[Problem to work on]: Reproduce only the lines that begin at the line with "bilingual 3-line opt" and run to the end of the entries; omit every picture.

[The data]:

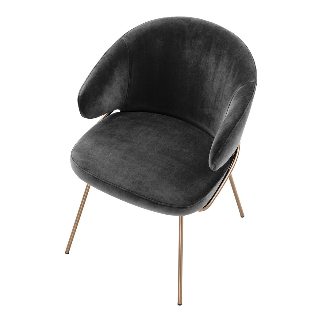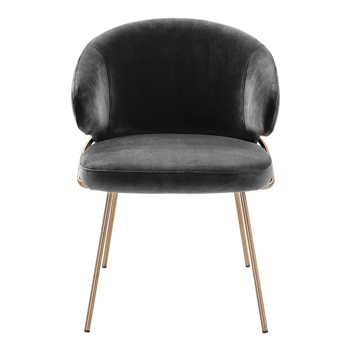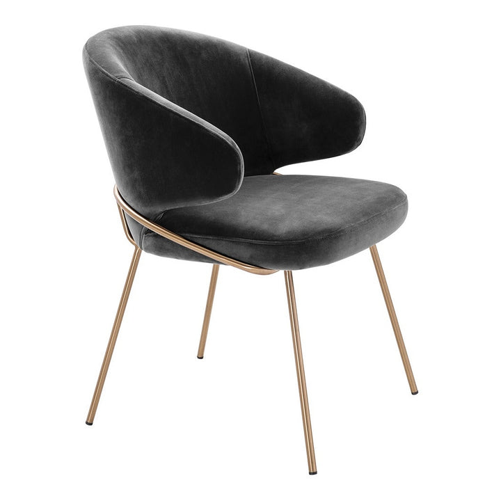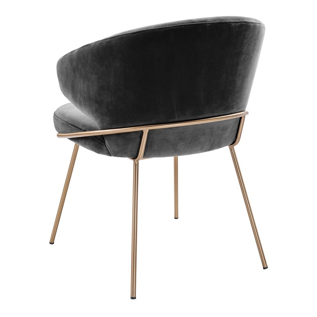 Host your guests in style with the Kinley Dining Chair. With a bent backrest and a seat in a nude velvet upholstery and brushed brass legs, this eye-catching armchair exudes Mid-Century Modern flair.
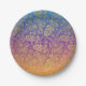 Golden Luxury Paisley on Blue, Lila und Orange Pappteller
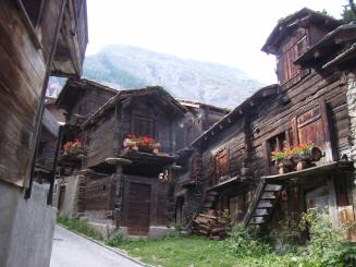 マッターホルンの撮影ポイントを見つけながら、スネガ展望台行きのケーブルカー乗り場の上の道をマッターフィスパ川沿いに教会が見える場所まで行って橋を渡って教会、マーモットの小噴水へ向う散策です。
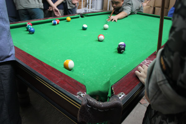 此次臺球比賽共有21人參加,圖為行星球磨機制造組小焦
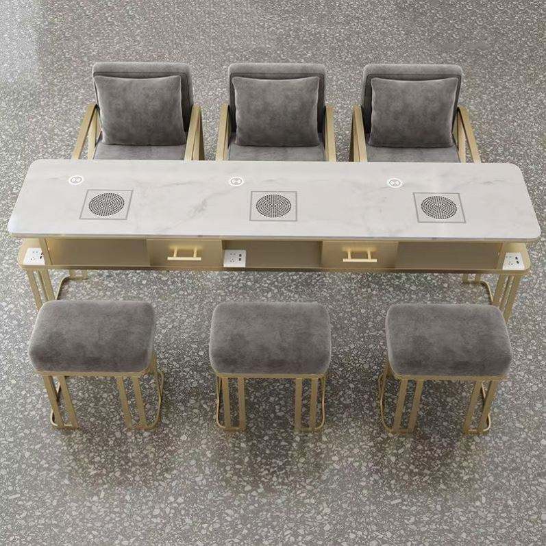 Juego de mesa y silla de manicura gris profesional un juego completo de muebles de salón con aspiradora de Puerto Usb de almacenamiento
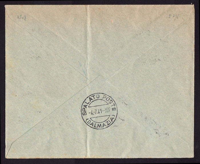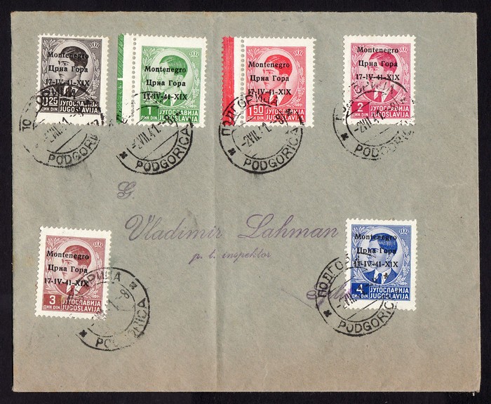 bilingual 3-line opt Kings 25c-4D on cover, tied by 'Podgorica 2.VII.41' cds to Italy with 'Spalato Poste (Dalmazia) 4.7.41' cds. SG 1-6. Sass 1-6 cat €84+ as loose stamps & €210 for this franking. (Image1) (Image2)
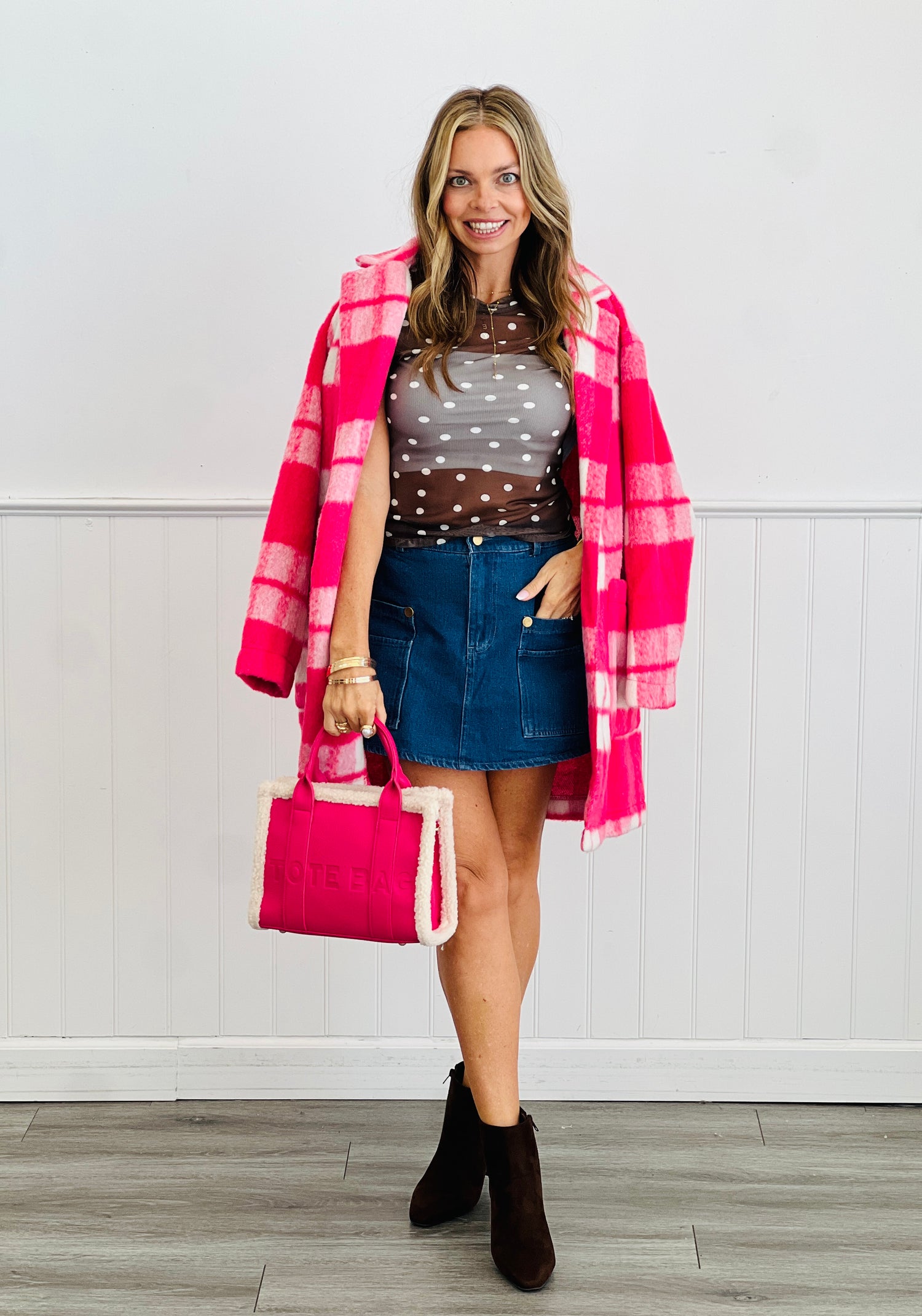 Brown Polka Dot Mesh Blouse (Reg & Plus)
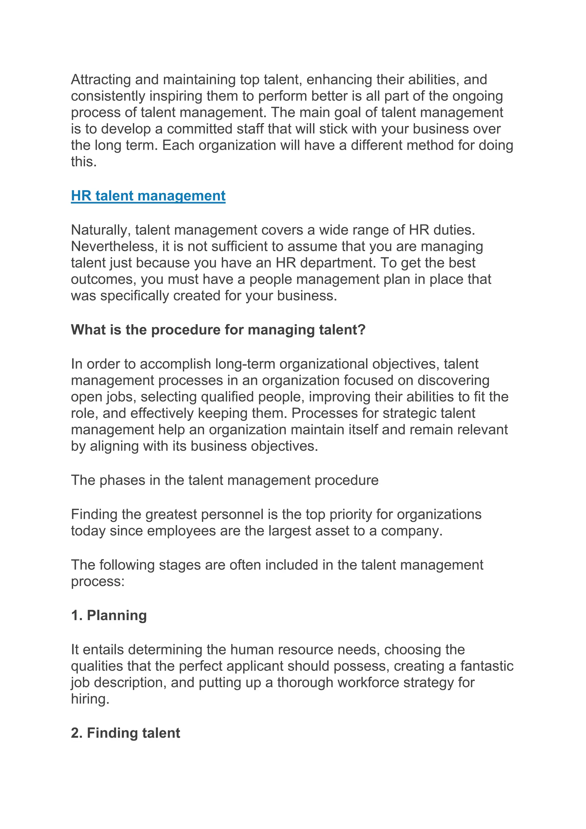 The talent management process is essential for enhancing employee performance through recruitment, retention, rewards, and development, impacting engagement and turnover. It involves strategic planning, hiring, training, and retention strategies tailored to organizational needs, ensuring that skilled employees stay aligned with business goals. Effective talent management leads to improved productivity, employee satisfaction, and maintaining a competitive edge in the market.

[Your solution]:
 bilingual 3-line opt Kings 25c-4D on cover, tied by 'Podgorica 2.VII.41' cds to Italy with 'Spalato Poste (Dalmazia) 4.7.41' cds. SG 1-6. Sass 1-6 cat €84+ as loose stamps & €210 for this franking. (Image1) (Image2)
 Brown Polka Dot Mesh Blouse (Reg & Plus)
 The talent management process is essential for enhancing employee performance through recruitment, retention, rewards, and development, impacting engagement and turnover. It involves strategic planning, hiring, training, and retention strategies tailored to organizational needs, ensuring that skilled employees stay aligned with business goals. Effective talent management leads to improved productivity, employee satisfaction, and maintaining a competitive edge in the market.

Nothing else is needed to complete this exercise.